La porte s’ouvre. C’est Rayan qui ouvre, Rayan et son sourire communicatif, Rayan et son accent de kéké marseillais.
« Chaud ! Julien ! Te voilà, mec ! La vie de ma mère, chuis trop content que tu sois venu ! »
La musique absorbe Julien et le couvre comme une seconde peau. La voix de Sean Paul retentit, relayé par le soprano mélodieux d’une chanteuse. Julien reconnaît un titre du moment. « Rockabye » de Clean Bandit Play. Pas vraiment son choix de musique, mais pourquoi pas. De toute façon, il est là pour se fondre dans la masse.
À l’intérieur, l’ambiance est détendue. Sur la table, rien de plus fort que des bières. Nico et Will sont assis dans le grand canapé qui occupe le centre du salon, ils boivent du Coca en parlant à trois filles que Julien ne connaît que de vue. Il lui semble que ce sont des hockeyeuses, mais pas sûr. De toute façon, Rayan l’a suivi et il est là pour faire les présentations.
« Les filles, voici Julien. Bogoss et dieu du hand. Sérieux, ce mec est un warrior sur le terrain, vous devriez le voir shooter en plein saut. C’est énorme. On dirait qu’il est en apesanteur. »
Julien laisse échapper un petit sourire devant ce flot d’éloges qui flatte son ego. Will et Nico se lèvent pour lui serrer la main. Les filles les imitent pour lui faire la bise. Il y a d’abord Margaux, une jolie brune aux cheveux très longs réunis par une tresse genre Lara Croft, ensuite Chloé, une fille nerveuse et longue à la coupe garçonne, enfin Maeva, une nana gironde et large d’épaules à la douce odeur de monoï. D’autres garçons débarquent juste après que Julien s’est assis dans un fauteuil face au canapé à boire du jus d’orange.
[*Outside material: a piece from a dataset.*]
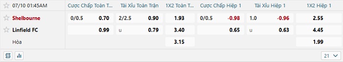 Tip kèo Châu Á full trận Shelbourne vs Linfield

Ce sont cinq footballeurs du sport-étude, jogging noir à rayures et chaussures flashy, coupes de cheveux improbables variant de la crête iroquoise au chignon Zlatan©.
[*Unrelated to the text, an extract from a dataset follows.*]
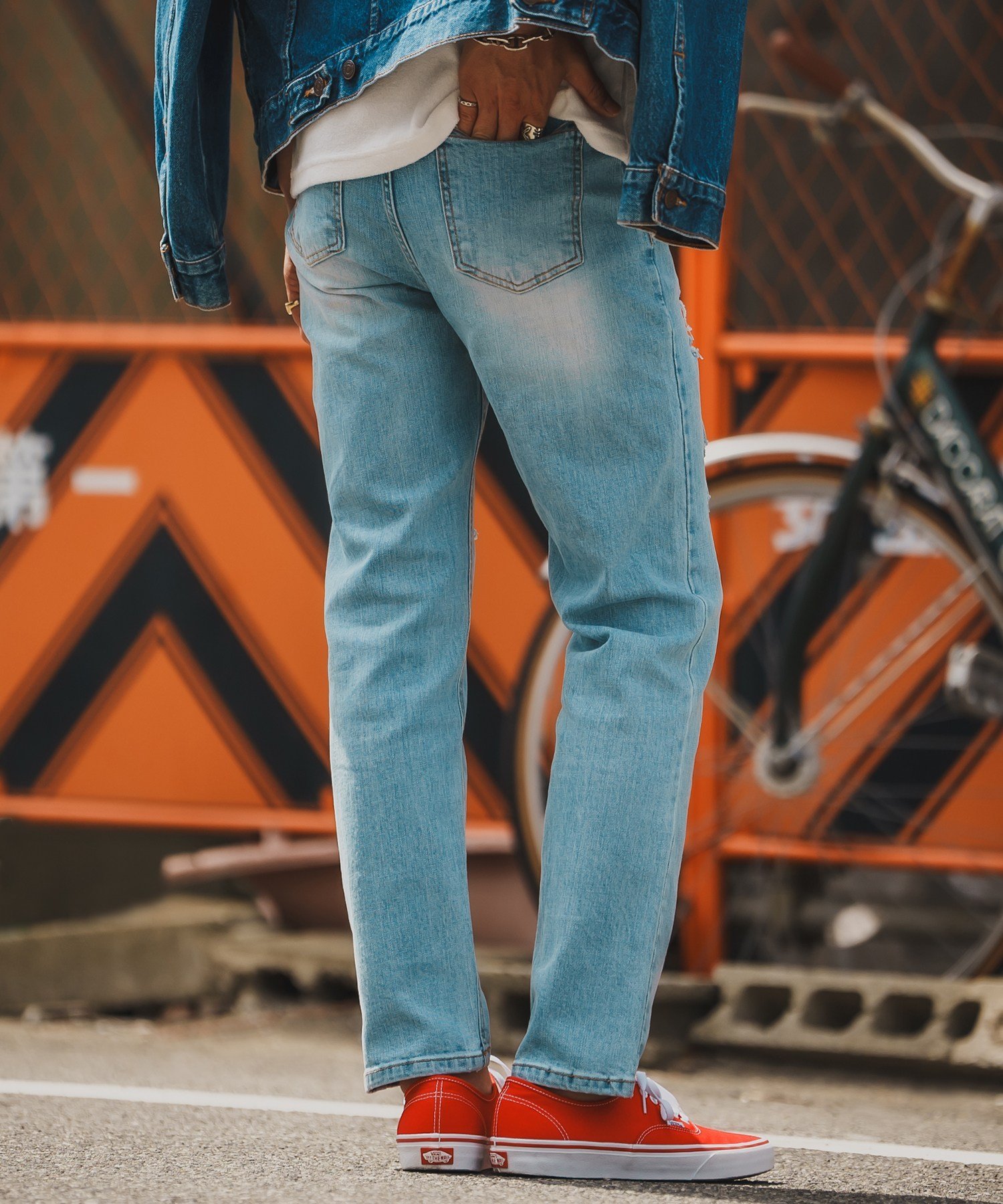 ●Простые джинсы с оптимальной степенью зауженности, но не слишком обтягивающие.

De temps en temps, oncle Bob apparaît. Oncle Bob, c’est un peu Sandor Clegane, le Limier de GoT mais sans les brûlures. Ce type pourtant baraqué comme un rugbyman semble se déplacer avec légèreté. En plus, il affiche un calme impressionnant. C’est chez lui que tout ce petit monde se réunit. Rayan, venu s’installer à côté de Julien, le présente. C’est un peu lui le mentor du groupe. Mais de quel groupe au juste ? s’interroge Julien intrigué.
« Comme tu le vois, on est tous sportifs et on est plutôt bons chacun dans notre domaine. Mais on en veut un peu plus. Le sport, c’est plein de règles, de limites. Nous, on veut aller un peu plus loin, un peu plus fort. La compétition c’est notre truc, alors il nous faut des adversaires à notre mesure, sans arbitre.
— Je capte pas trop ?
— T’inquiète, tu comprendras bien assez tôt. »
Sur ce, Bob s’éclipse avec Chloé, Rayan et Gab, un footballeur, a priori pour une discussion en privé. Julien se retrouve au milieu d’un débat sur les résultats de la Champion’s League. Très peu pour lui. Il prétexte donc un tour aux toilettes pour visiter la maison. S’approchant de la cuisine, il capte une conversation qui provient de derrière une porte entrebâillée. Il reconnaît la voix grave d’oncle Bob, ainsi que celles plus aiguës de Rayan, Gab et Chloé.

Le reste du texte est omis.